* WHAT THE TASK ASKS:
Reproduce the listing below exactly, beginning with its first line and ending with the line that holds "Hhirigin Модный женский"; pictures are not part of the copy.

* INFORMATION:
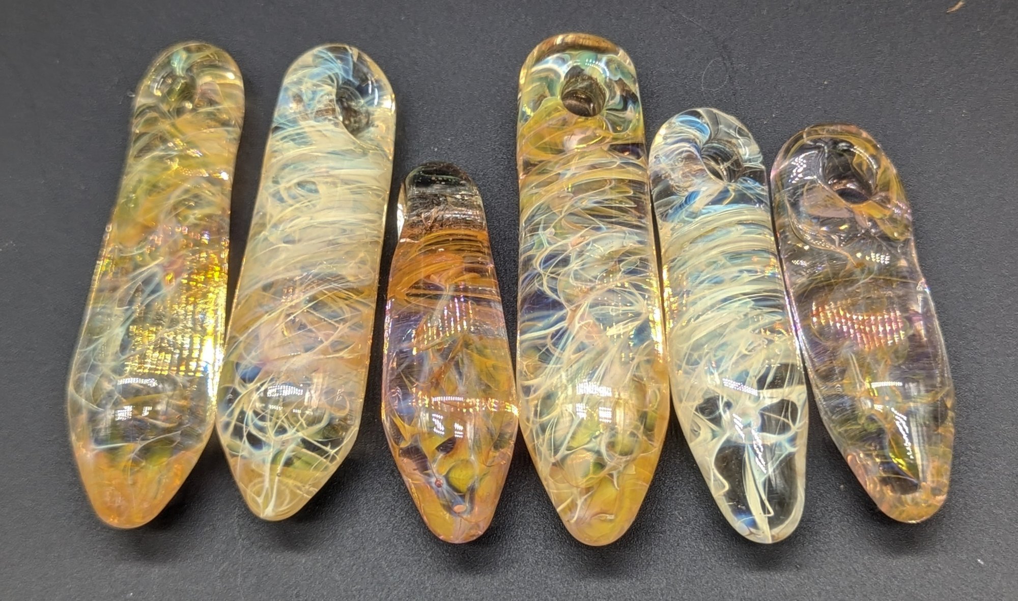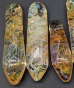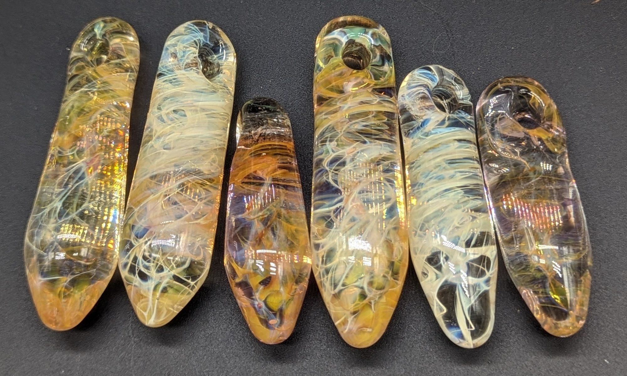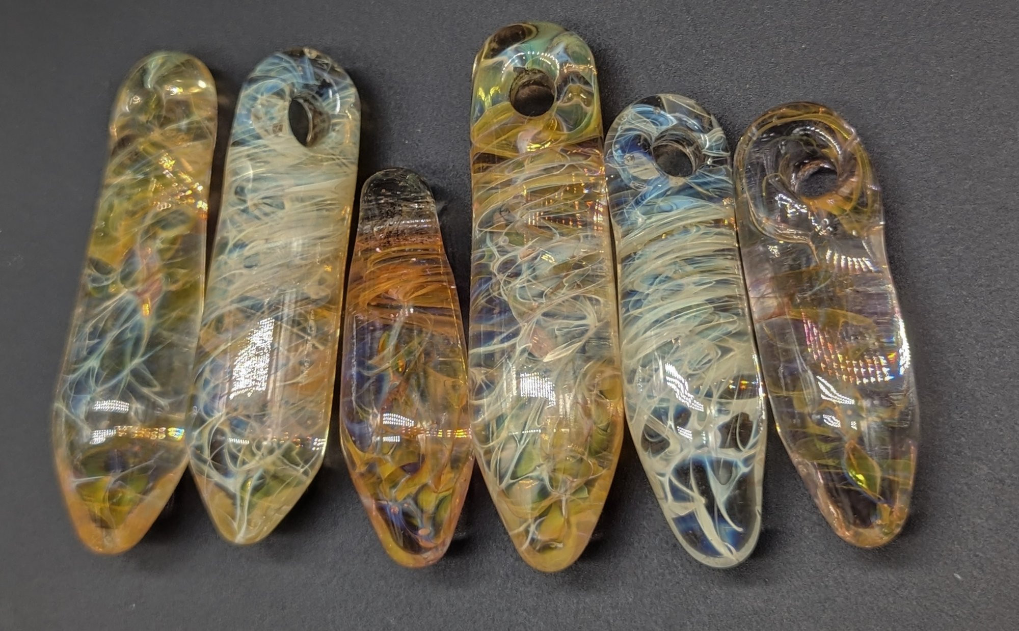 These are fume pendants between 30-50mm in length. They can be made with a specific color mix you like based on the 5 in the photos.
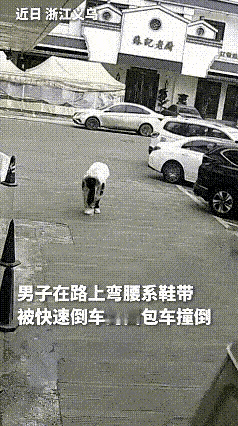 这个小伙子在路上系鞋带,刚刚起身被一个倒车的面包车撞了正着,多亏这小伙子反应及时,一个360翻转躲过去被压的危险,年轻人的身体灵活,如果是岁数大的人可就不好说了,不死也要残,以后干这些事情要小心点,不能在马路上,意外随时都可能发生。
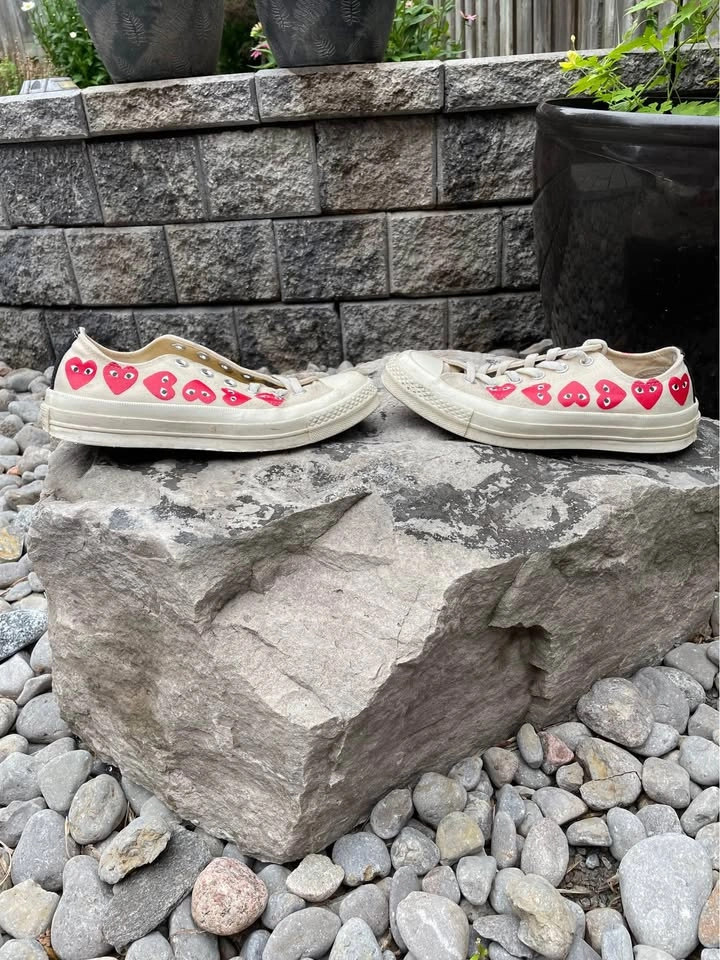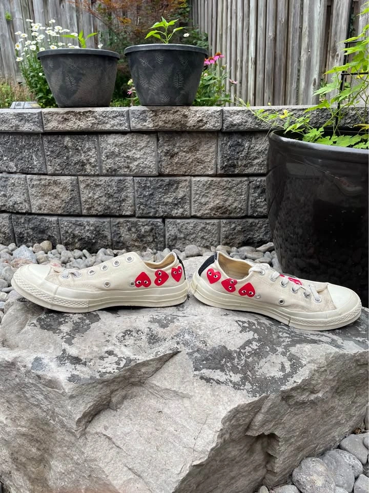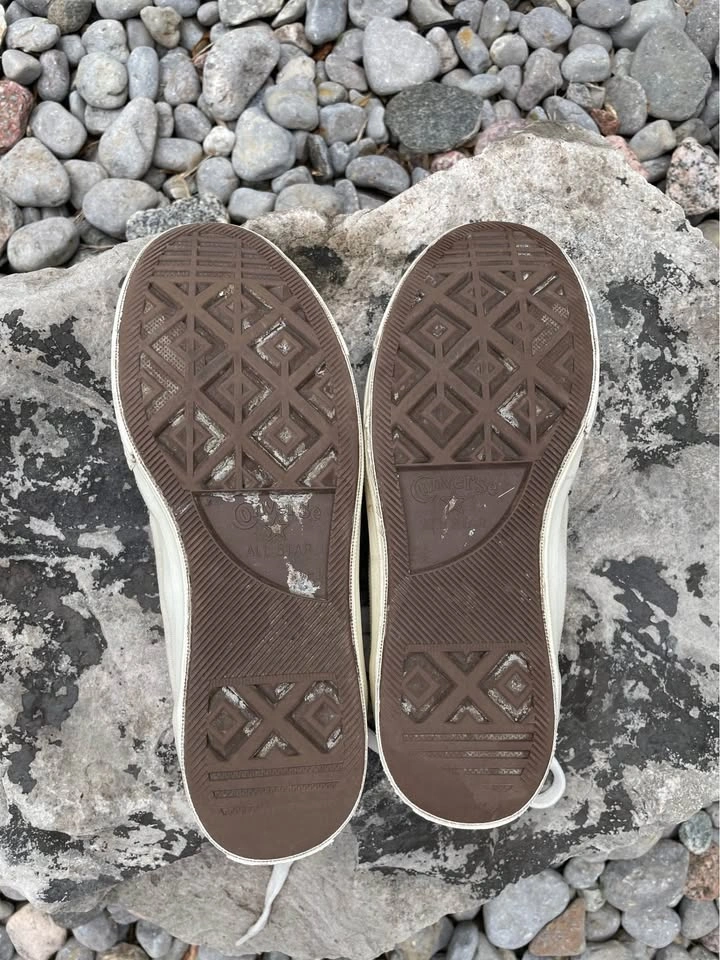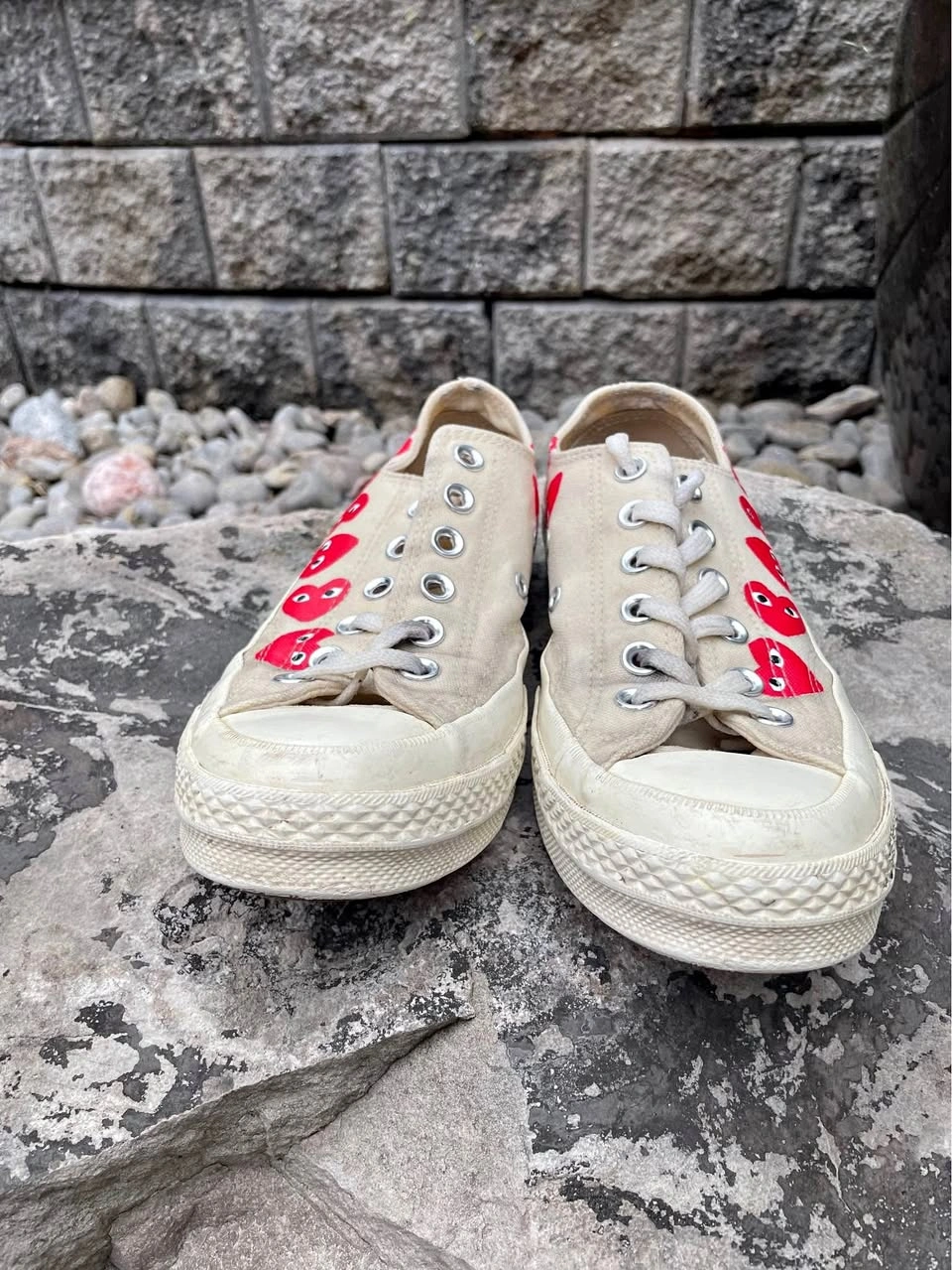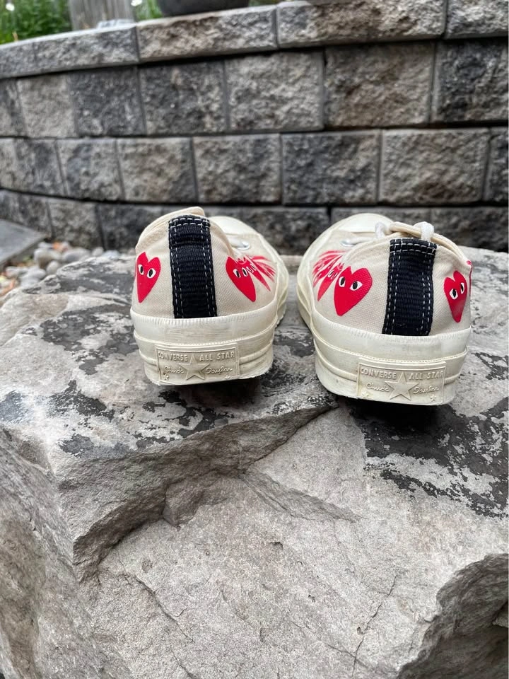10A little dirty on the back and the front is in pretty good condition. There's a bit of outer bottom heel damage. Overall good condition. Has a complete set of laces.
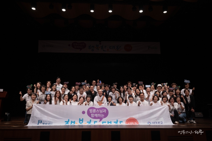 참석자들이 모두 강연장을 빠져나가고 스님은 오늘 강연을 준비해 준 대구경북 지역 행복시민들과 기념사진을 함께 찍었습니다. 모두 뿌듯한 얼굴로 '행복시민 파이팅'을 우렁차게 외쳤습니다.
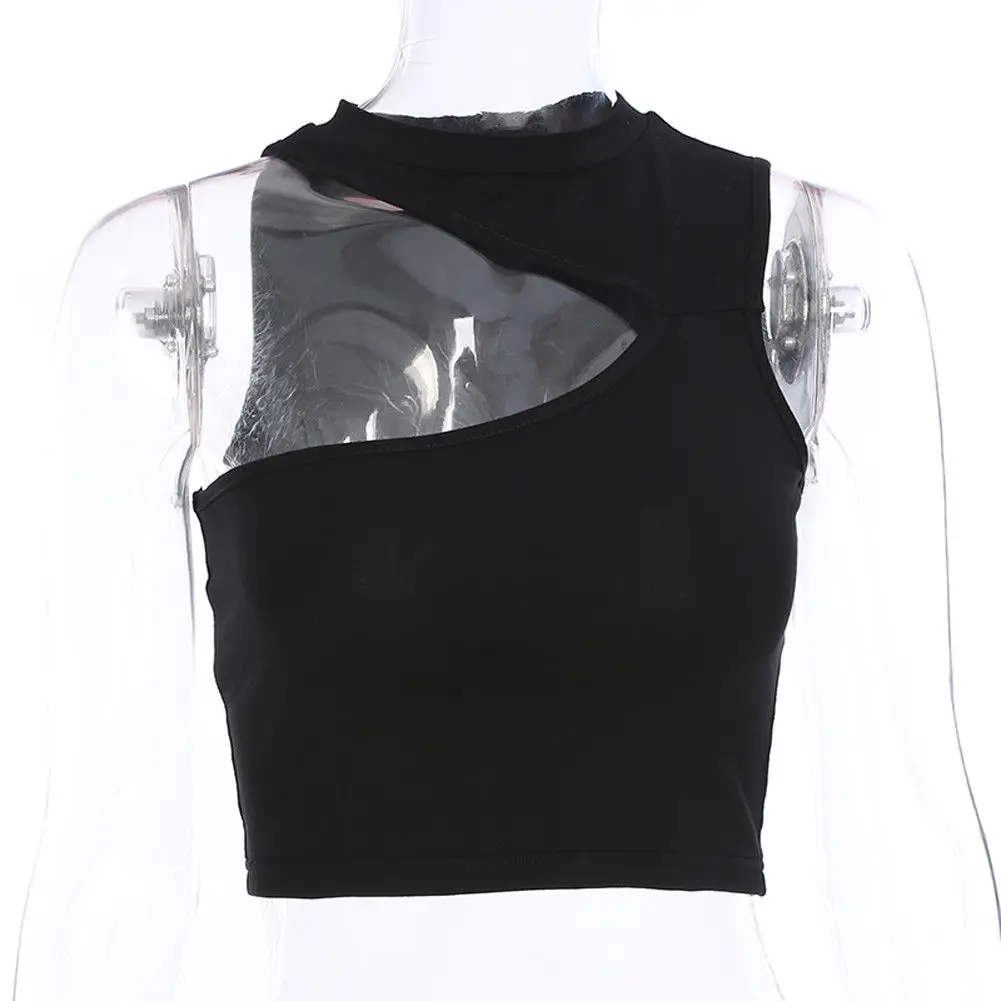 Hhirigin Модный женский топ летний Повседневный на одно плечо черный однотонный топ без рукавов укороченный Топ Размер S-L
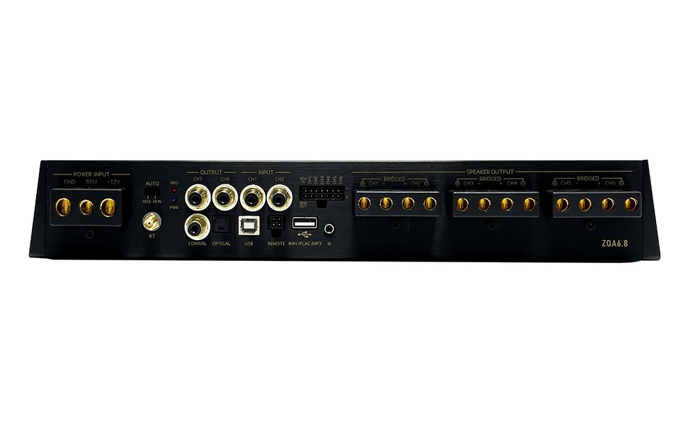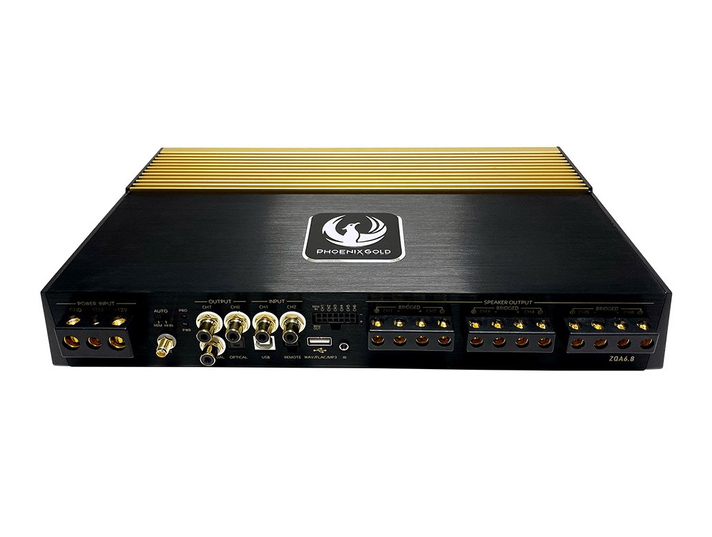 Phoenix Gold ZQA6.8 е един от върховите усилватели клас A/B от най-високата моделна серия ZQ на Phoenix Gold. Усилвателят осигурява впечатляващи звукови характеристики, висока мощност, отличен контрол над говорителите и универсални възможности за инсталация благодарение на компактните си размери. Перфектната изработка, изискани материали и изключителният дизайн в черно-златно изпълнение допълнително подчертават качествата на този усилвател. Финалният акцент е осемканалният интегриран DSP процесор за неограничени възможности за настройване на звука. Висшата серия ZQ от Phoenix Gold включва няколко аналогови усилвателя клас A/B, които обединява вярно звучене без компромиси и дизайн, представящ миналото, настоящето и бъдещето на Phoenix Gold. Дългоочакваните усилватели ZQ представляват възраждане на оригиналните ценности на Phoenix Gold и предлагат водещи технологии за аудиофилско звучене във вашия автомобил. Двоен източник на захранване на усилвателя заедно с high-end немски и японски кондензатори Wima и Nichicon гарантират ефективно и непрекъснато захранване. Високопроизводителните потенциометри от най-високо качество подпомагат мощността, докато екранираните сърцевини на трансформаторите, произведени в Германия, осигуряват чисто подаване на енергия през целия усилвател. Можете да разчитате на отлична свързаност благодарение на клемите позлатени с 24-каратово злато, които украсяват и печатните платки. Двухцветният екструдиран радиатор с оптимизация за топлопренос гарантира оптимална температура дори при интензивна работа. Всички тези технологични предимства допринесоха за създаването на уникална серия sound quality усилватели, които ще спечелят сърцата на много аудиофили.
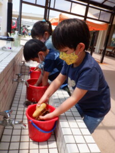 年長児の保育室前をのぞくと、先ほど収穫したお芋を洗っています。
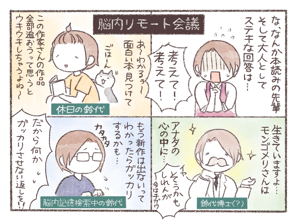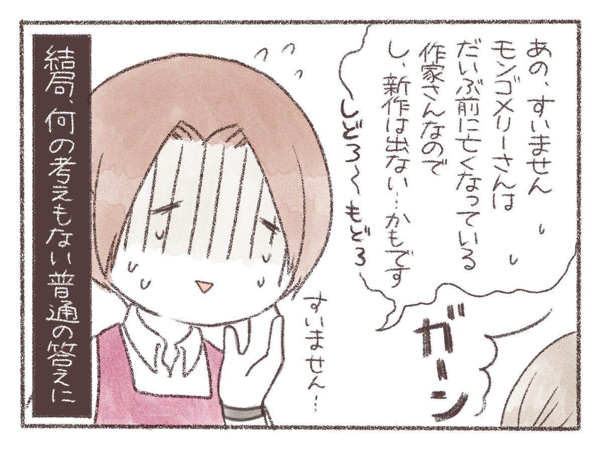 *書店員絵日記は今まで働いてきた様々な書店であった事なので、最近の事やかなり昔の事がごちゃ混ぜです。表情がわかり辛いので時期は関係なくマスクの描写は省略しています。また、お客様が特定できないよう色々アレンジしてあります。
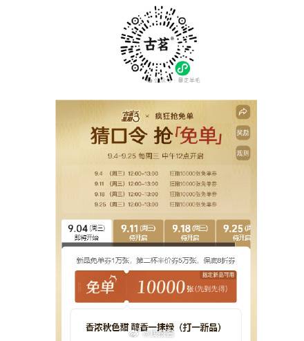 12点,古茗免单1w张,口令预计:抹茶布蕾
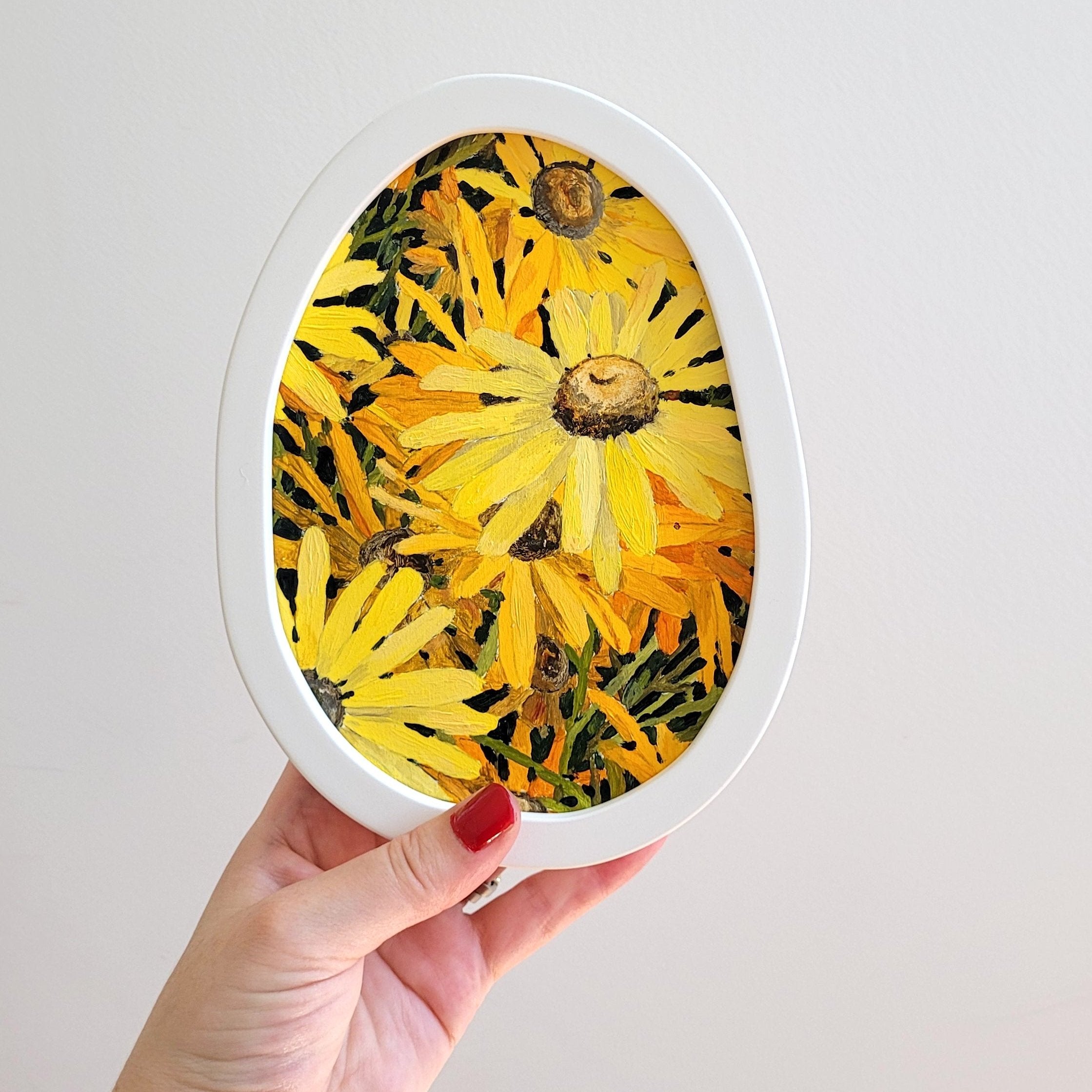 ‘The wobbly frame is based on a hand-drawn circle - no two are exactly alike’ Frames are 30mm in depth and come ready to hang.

* TASK OUTPUT:
 These are fume pendants between 30-50mm in length. They can be made with a specific color mix you like based on the 5 in the photos.
 这个小伙子在路上系鞋带,刚刚起身被一个倒车的面包车撞了正着,多亏这小伙子反应及时,一个360翻转躲过去被压的危险,年轻人的身体灵活,如果是岁数大的人可就不好说了,不死也要残,以后干这些事情要小心点,不能在马路上,意外随时都可能发生。
10A little dirty on the back and the front is in pretty good condition. There's a bit of outer bottom heel damage. Overall good condition. Has a complete set of laces.
 참석자들이 모두 강연장을 빠져나가고 스님은 오늘 강연을 준비해 준 대구경북 지역 행복시민들과 기념사진을 함께 찍었습니다. 모두 뿌듯한 얼굴로 '행복시민 파이팅'을 우렁차게 외쳤습니다.
 Hhirigin Модный женский топ летний Повседневный на одно плечо черный однотонный топ без рукавов укороченный Топ Размер S-L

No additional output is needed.